Der Einspruch gegen den Bußgeldbescheid muss nicht begründet werden. Eine Begründung kann aber sinnvoll sein, um der Behörde neue Tatsachen zu liefern, auf deren Basis sie eine günstigere Bewertung der Rechtslage vornehmen kann.
Einspruch gegen Bußgeldbescheid: Muster nutzen
Für den Einspruch kann ein Muster als Vorlage verwendet werden, dass an den individuellen Fall angepasst und ausgefüllt werden sollte. Ein Muster für einen Einspruch gegen den Bußgeldbescheid finden Sie hier zum Download:
Gründe für einen Einspruch gegen den Bußgeldbescheid
Ein Bußgeldbescheid kann Fehler enthalten, die ihn unwirksam werden lassen. Dann lohnt sich ein begründeter Einspruch gegen den Bußgeldbescheid ganz besonders. So sollte der Empfänger sofort prüfen, ob der Bußgeldbescheid den Ansprüchen des § 66 OWiG genügt. Demnach hat der Bußgeldbescheid folgende Angaben zu enthalten:
- Angaben zur Person des Betroffenen und etwaiger Nebenbeteiligter
- Namen und die Anschrift des Verteidigers
- Bezeichnung der Tat, die dem Betroffenen zur Last gelegt wird, Zeit und Ort ihrer Begehung, die gesetzlichen Merkmale der Ordnungswidrigkeit und die angewendeten Bußgeldvorschriften
- Beweismittel
- Geldbuße und die Nebenfolgen
- eine Rechtsbehelfsbelehrung

Fehlt im Bußgeldbescheid einer dieser Punkte, kann ein Einspruch mit Begründung gegen ihn erfolgreich sein. Allerdings reichen kleine Fehler wie Schreibfehler im Namen nicht aus. Ein Bußgeldbescheid ohne Foto führt nicht zur Unwirksamkeit der Strafe, weil das Blitzerfoto bei der jeweiligen Behörde vorliegen kann. Erfolgreich kann der Einspruch aber sein, wenn der Betroffene auf dem beigelegten Foto nicht eindeutig identifizierbar ist.

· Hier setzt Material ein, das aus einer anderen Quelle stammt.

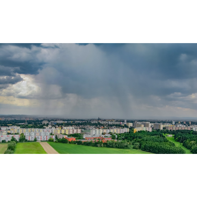 Hradec Králové s deštěm. Fotografie pořízená z vodojemu na Novém Hradci Králové

Neben diesen formalen Fehlern können auch technische Fehler auftreten. Dazu gehören insbesondere Eich- oder Wartungsfehler der Messgeräte. Diese technischen Mängel lassen sich allerdings oft nur mit Hilfe eines Anwalts für Verkehrsrecht herausfinden, weil dafür Akteneinsicht erforderlich ist, die nur er beantragen kann.
Außerdem kann es sich lohnen, sich gegen einen Brief zu wehren, wenn man den Bußgeldbescheid nicht erhalten hat, etwa weil man im Urlaub oder Krankenhaus war und die Einspruchsfrist daher abgelaufen ist.

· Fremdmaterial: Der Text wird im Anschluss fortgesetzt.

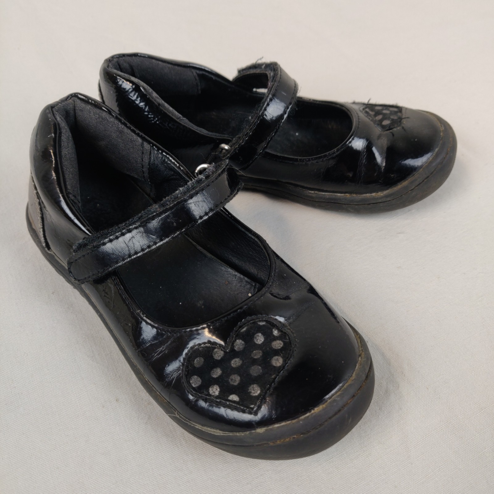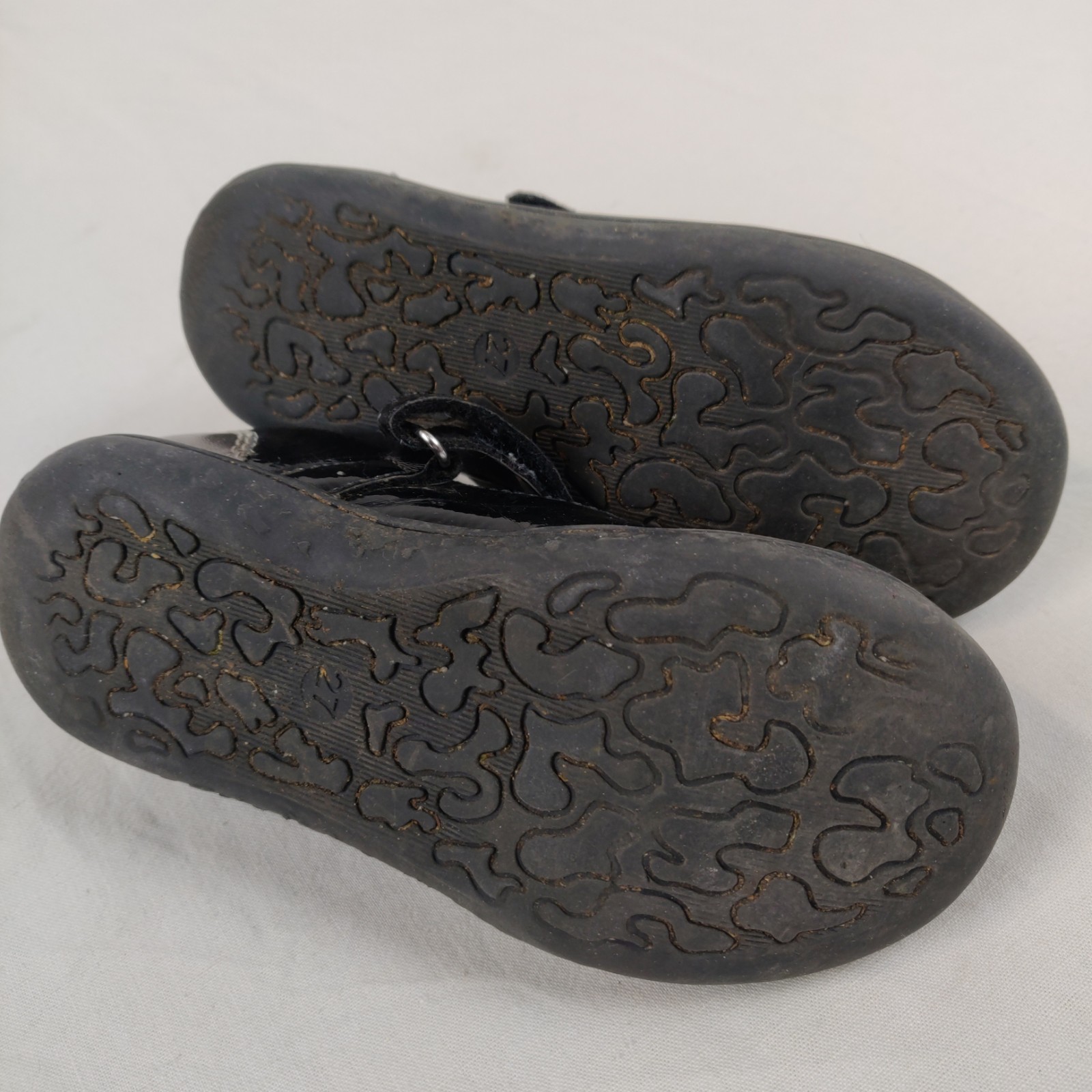 Autres commentaires : Ballerines vernies – noir. Coeur central en tissu à pois argentés. Languette centrale à scratch. Usure normale.

Teilweiser Einspruch gegen Bußgeldbescheid möglich?
Nach § 67 Abs. 2 OWiG besteht die Möglichkeit, den Einspruch auf bestimmte Beschwerdepunkte zu beschränken. Es ist also möglich, den Einspruch nur gegen die Rechtsfolge – sprich gegen die verhängte Strafe – einzulegen. Allerdings ist es grundsätzlich nicht möglich, den Einspruch lediglich gegen einen Teil der Rechtsfolgen einzulegen. Wird zum Beispiel ein Bußgeld mit Punkten im Fahreignungsregister in Flensburg und einem Fahrverbot verhängt, kann nur gegen beide Strafen Einspruch eingelegt werden.
Was kostet ein Einspruch gegen einen Bußgeldbescheid?
Der Einspruch bei der zuständigen Behörde ist zunächst kostenfrei. Es entstehen lediglich Kosten für die Beratung durch einen Rechtsanwalt, die jedoch von einer Rechtsschutzversicherung übernommen werden können. Kommt das Bußgeldverfahren vor Gericht, fallen Gerichtskosten an. Sie betragen zehn Prozent der Bußgeldsumme, wenn diese 500 Euro oder mehr beträgt. Andernfalls beläuft sich die Gerichtsgebühr auf 50 Euro. Wird der Einspruch noch vor der Hauptverhandlung zurückgenommen, sind neben dem Bußgeld Verwaltungsgebühren und Gerichtskosten in Höhe von 0,25 Prozent des Bußgelds zu entrichten. Die Gerichtskosten betragen 15 Euro zuzüglich der Zustellungskosten. Wird der Einspruch erst während der Hauptverhandlung zurückgenommen, werden Verwaltungsgebühren und die Hälfte der Gerichtsgebühren fällig.